● **Aim of the exercise**
Return the data exactly, apart from leaving out the pictures.

● **Data block**
——————
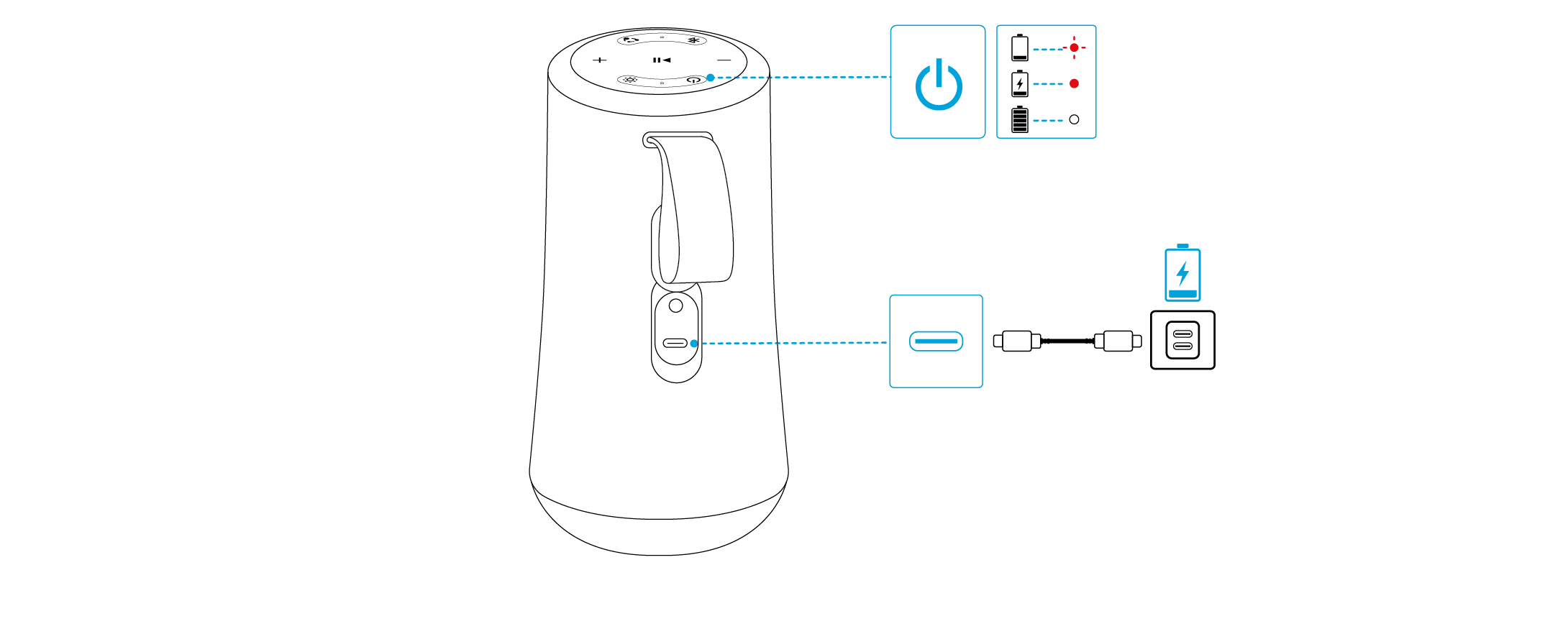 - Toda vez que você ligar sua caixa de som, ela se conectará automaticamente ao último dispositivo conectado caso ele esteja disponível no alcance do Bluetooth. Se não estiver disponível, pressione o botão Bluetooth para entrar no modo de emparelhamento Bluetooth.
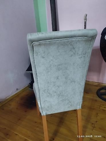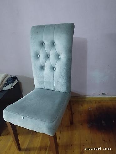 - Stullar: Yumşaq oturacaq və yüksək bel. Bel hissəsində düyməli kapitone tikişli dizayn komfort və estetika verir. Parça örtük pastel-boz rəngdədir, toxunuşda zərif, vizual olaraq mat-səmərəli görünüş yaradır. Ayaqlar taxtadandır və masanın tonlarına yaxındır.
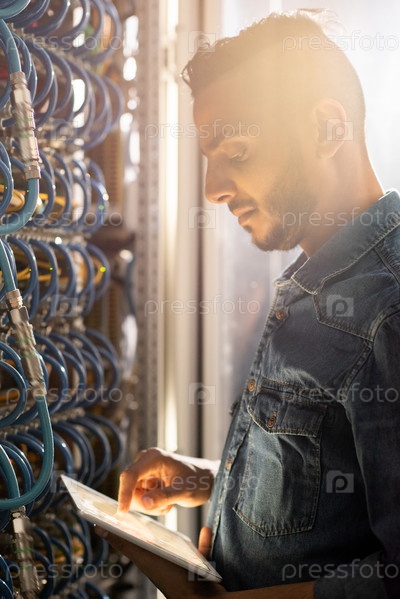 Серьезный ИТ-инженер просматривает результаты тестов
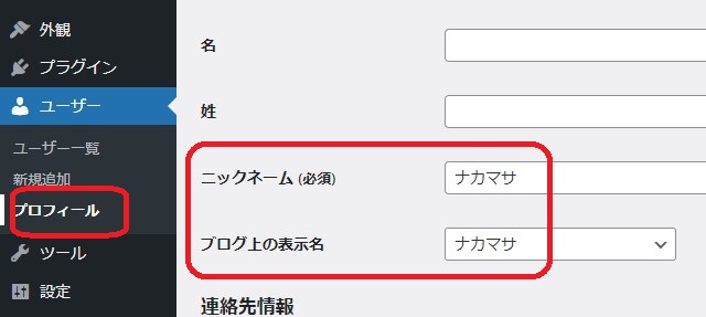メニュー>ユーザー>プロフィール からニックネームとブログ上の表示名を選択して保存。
——————
● **Solution to the exercise**
 - Toda vez que você ligar sua caixa de som, ela se conectará automaticamente ao último dispositivo conectado caso ele esteja disponível no alcance do Bluetooth. Se não estiver disponível, pressione o botão Bluetooth para entrar no modo de emparelhamento Bluetooth.
 - Stullar: Yumşaq oturacaq və yüksək bel. Bel hissəsində düyməli kapitone tikişli dizayn komfort və estetika verir. Parça örtük pastel-boz rəngdədir, toxunuşda zərif, vizual olaraq mat-səmərəli görünüş yaradır. Ayaqlar taxtadandır və masanın tonlarına yaxındır.
 Серьезный ИТ-инженер просматривает результаты тестов
メニュー>ユーザー>プロフィール からニックネームとブログ上の表示名を選択して保存。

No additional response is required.